Claude Code Upgrade Broke Every Model? Before You Rotate Keys, Check the Compatibility Gateway

Published: 2026-05-29

The short version

After a Claude Code upgrade, every model call failed with the same error: API Error: 400 invalid params, chat content has invalid message role: system (2013). At first glance this looks like a bad API key, a dead model, an exhausted account, a broken proxy, or a provider-wide outage. The root cause was different: a newer Claude Code request shape crossed an Anthropic-compatible model gateway that had not caught up with the client-side protocol behavior. The gateway, or a downstream chat validation layer behind it, rejected a system role in a place where it did not expect one.

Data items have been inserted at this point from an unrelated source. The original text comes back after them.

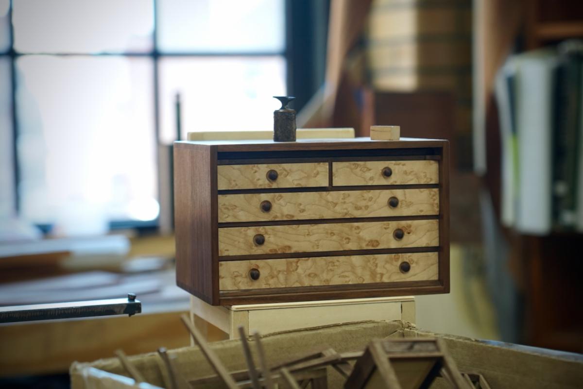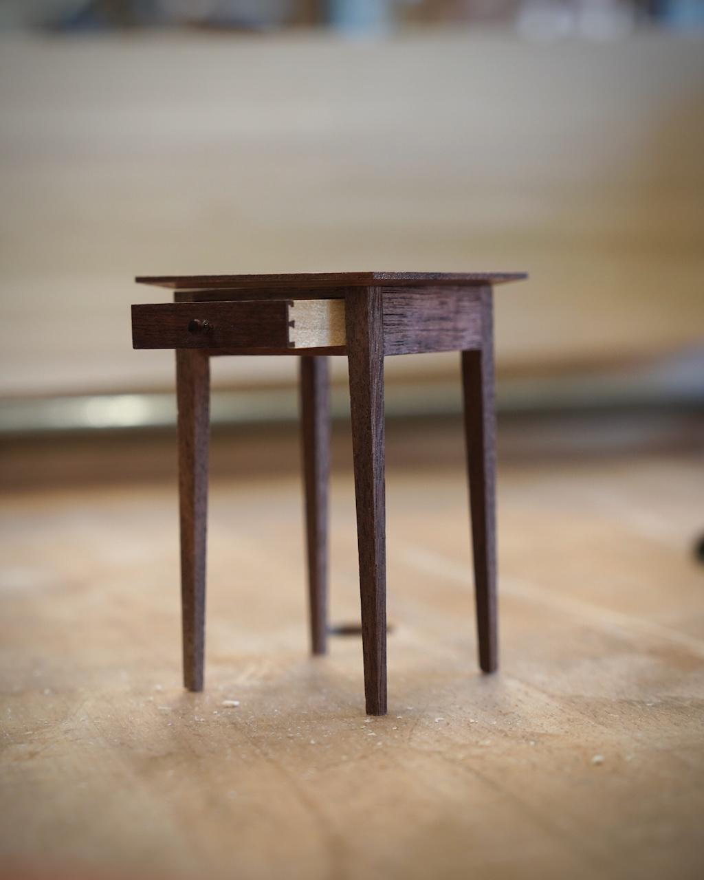 In additional to the beautiful full-scale furniture Zach has made since starting at NBSS, he has also thoroughly caught the miniature bug. This affliction was surely not helped when he met master miniaturist Bill Robertson at Plumier last summer during his internship, who’s work is an inspiration to woodworkers and toolmakers of every scale. Between his regular course work, Zach has found time to produce a run of miniature, Shaker-style side tables, complete with dovetail drawers. He is selling these charming tables to help subsidize his tuition and expenses.
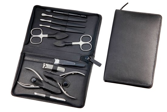 סט מניקור פדיקור 11 חלקים בגימור מבריק סדרת Sunshine מבית HK – נרתיק עור שחור
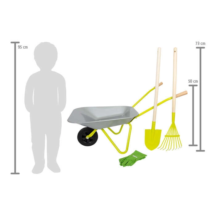 - Πρακτικές διαστάσεις: καροτσάκι περίπου 79 × 36 × 50 cm, ύψος λαβών 50 cm· μήκος φτυαριού και τσουγκράνας περίπου 73 cm.
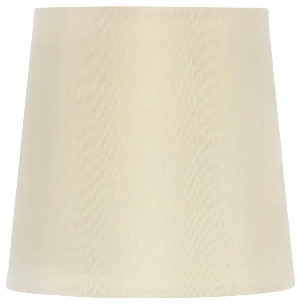UpgradeLights Eggshell Silk 5 Inch Retro Drum Clip On Chandelier Lampshade 5 Inch Clip On Retro Drum Chandelier Shade in Eggshell Shade Dimensions: 4 inch top, 5 inch bottom, 5 inch height Brass Flame Clip (Clips onto bulb). Top Quality Shantung Silk Fabric in White Eggshell color Update the look of your Chandelier in an instant!
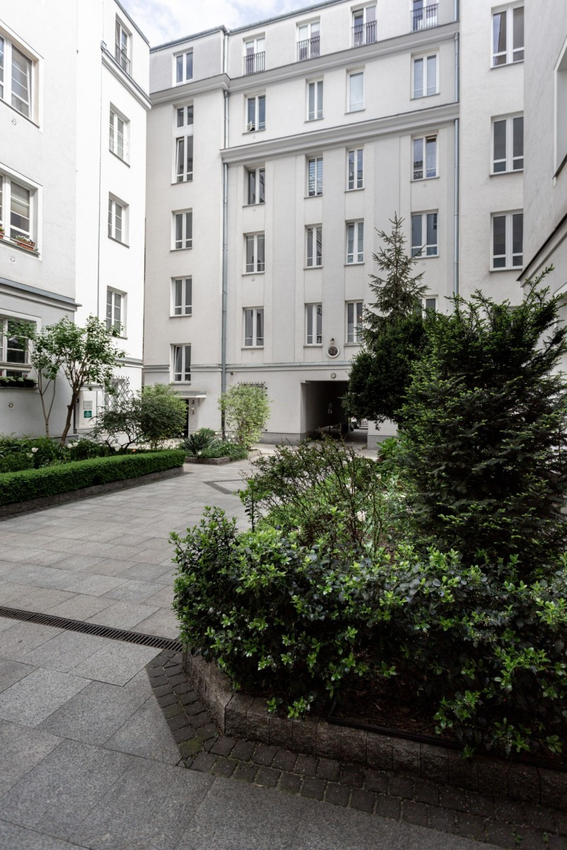 Situated amidst the dense development of Southern Downtown, on the atmospheric Poznańska Street, it is surrounded by renowned restaurants, cafes, shops, boutiques, and theaters. The area is full of life, yet the apartment itself is set deeper within the building, ensuring peace and privacy.
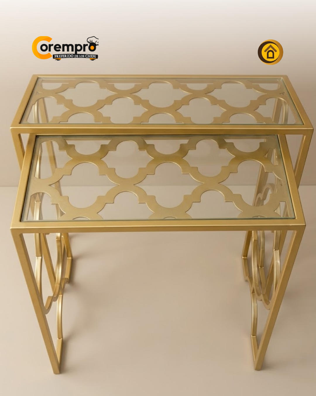 Transforme sus espacios con este set de mesas nido que son puro arte funcional. Su estructura dorada destaca por un exquisito diseño calado de inspiración árabe bajo el cristal, creando un juego de sombras y reflejos que cautiva a primera vista. Gracias a su formato encajable, son la solución perfecta para optimizar el espacio: úselas juntas para una superficie amplia y dinámica, o sepárelas como elegantes mesas laterales cuando reciba invitados.
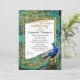 CONVITE DE ANIVERSÁRIO PARA QUALQUER ANO: "Convite de festa de aniversário Hollywood Glitter Dourado Pavão Art Deco". Estilo chique da era Great Gatsby, mas lindamente projetado de uma maneira que o destaca para eventos sofisticados. Esta coleção de casamento foi inspirada no Velho Hollywood e na era de glamour dos seus dias de glória. Um conjunto de convite de festa de aniversário perfeito para eventos e celebrações elegantes, sofisticados, formais modernos ou de gravata preta. Um clássico e lindo floreio de pergaminho ondulado em rico azul-teal e água-marinha fazem parte de um fundo de colagem que destaca o pavão solitário que olha para trás, para o texto do convite. No verso, há um conjunto de penas de cauda de pavão em leque, colado junto com close-ups de penas de pavão e desenhos

The practical fix was not to randomly reinstall things. I reproduced the failure with the smallest possible prompt, tested adjacent Claude Code versions, and found the last known good version. 2.1.150 returned OK; 2.1.154 and 2.1.156 reproduced the 400. Pinning the global Claude Code installation back to 2.1.150 restored the existing provider path.

This post is a troubleshooting write-up for a local Claude Code environment. The fix itself was small, but the incident is useful because it shows a pattern that is becoming common in AI agent tooling: the CLI, environment settings, model gateway, API compatibility layer, and actual model backend are often separate moving pieces. When one layer changes its request structure, the terminal may only show a vague 400.

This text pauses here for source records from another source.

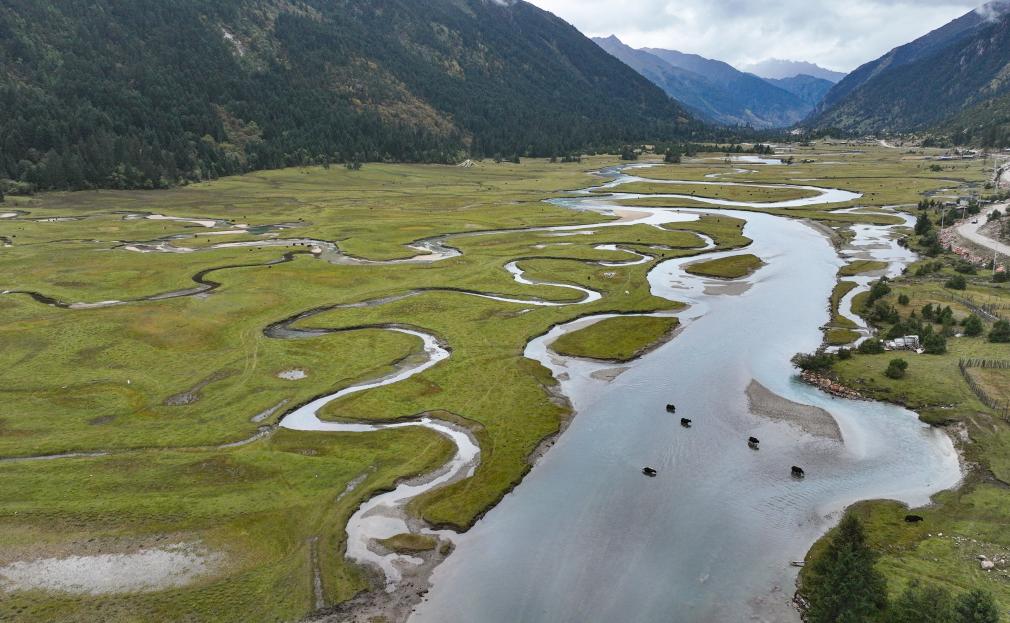 10月4日,在林芝工布江達(dá)縣,一隊(duì)牦牛涉水通過(guò)河流(無(wú)人機(jī)照片)。新華社記者 晉美多吉 攝 ??
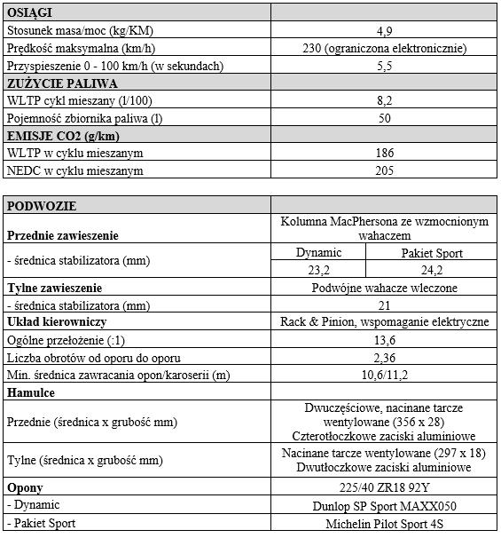 - Przyspieszenie od 0 do 100 km/h w 5,5 sekundy, prędkość maksymalna ograniczona elektronicznie do 230 km/h
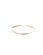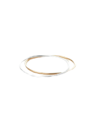 What lightweight stacking dreams are made of. Set of 2 high-shine bangles. This water-durable design brings major impact to your stacking game with zero weight. Dane is super easy to put on and remove. To open, gently pull apart the bangle at the seam, rotating the tubes in opposite directions. Close by rotating back to the seam, and inserting the smaller tube into the opening. As this stainless steel is a very durable material, it can withstand some water exposure. The perfect piece to wear if you don’t intend to take it off. The circumference measurement of the bangles are 6 1/2" and 7 3/8", so make sure to add a little extra space for comfort of movement. One bangle is finished in high-polish rhodium, and the other is finished in high-polish gold.

All private details have been removed. This article does not include real internal addresses, usernames, tokens, private provider names, local absolute paths, or private service domains. Configuration examples use placeholders such as <PLACEHOLDER>, <MODEL_GATEWAY>, and <MODEL_NAME>. The goal is to document a reusable debugging method, not to expose a specific environment.

Abstract cover image for a Claude Code compatibility failure

Figure 1: The visible error looked model-side. The useful path was to trace Claude Code, Anthropic API semantics, and the compatibility gateway between them.

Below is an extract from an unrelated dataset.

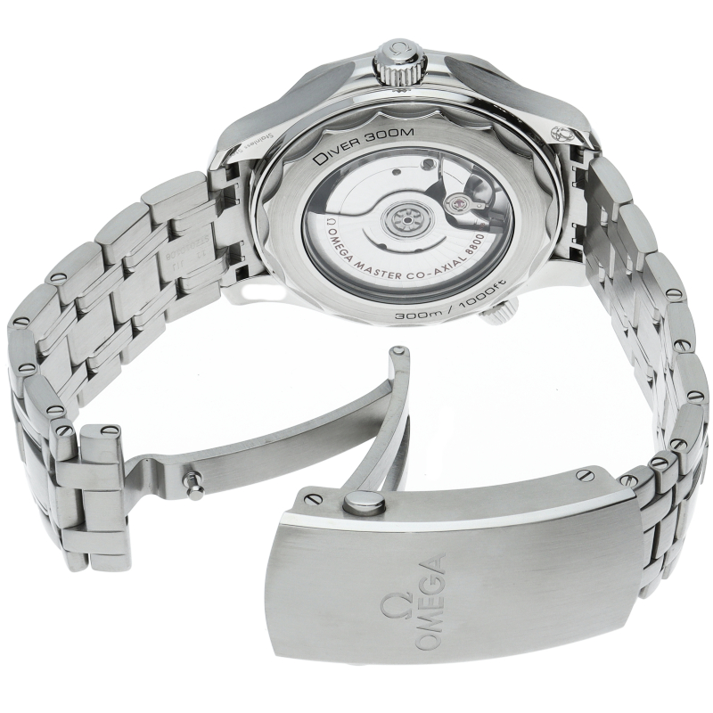 オメガの定番ダイバーズウォッチです。2018年に発表された最新型です。オメガ最新式の機械であるキャリバー8800を搭載しマスターコーアクシャル化されました。シースルーバックとなり、中の機械を見て楽しむ事ができます。
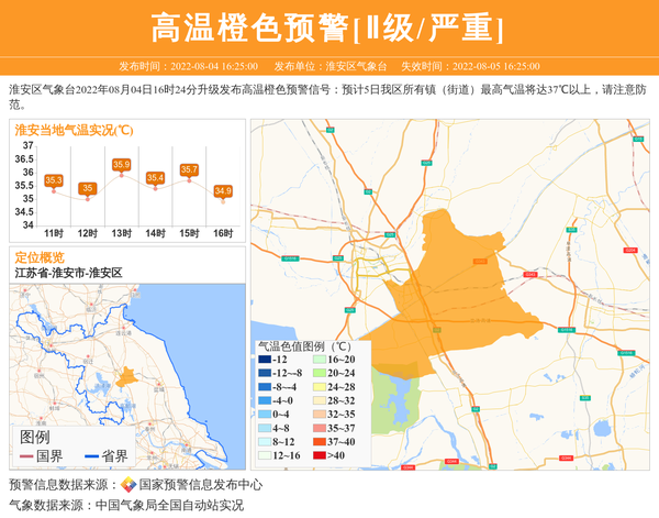 淮安区气象台2022年08月04日16时24分升级发布高温橙色预警信号:预计5日我区所有镇(街道)最高气温将达37℃以上,请注意防范。 信息来源:国家预警信息发布中心; 发布单位:淮安区气象台。

1. Background: Claude Code is often not just “CLI talks to Anthropic”

The simplest mental model for Claude Code is straightforward: you run claude in a terminal, Claude Code calls Anthropic, and the model returns an answer. That model is good enough for a direct official setup, but many real development environments are more layered.

A common setup looks more like this:

Claude Code runs locally as the CLI. It reads the project, manages sessions, executes tools, and builds model requests.
Settings or environment variables define ANTHROPIC_BASE_URL, ANTHROPIC_API_KEY, ANTHROPIC_AUTH_TOKEN, and default model names.
The request may not go directly to Anthropic. It may go to an Anthropic-compatible endpoint.
That endpoint may route to a model vendor, an enterprise token platform, a unified model gateway, or an OpenAI-compatible adapter.
The backend response is translated back into the shape Claude Code expects.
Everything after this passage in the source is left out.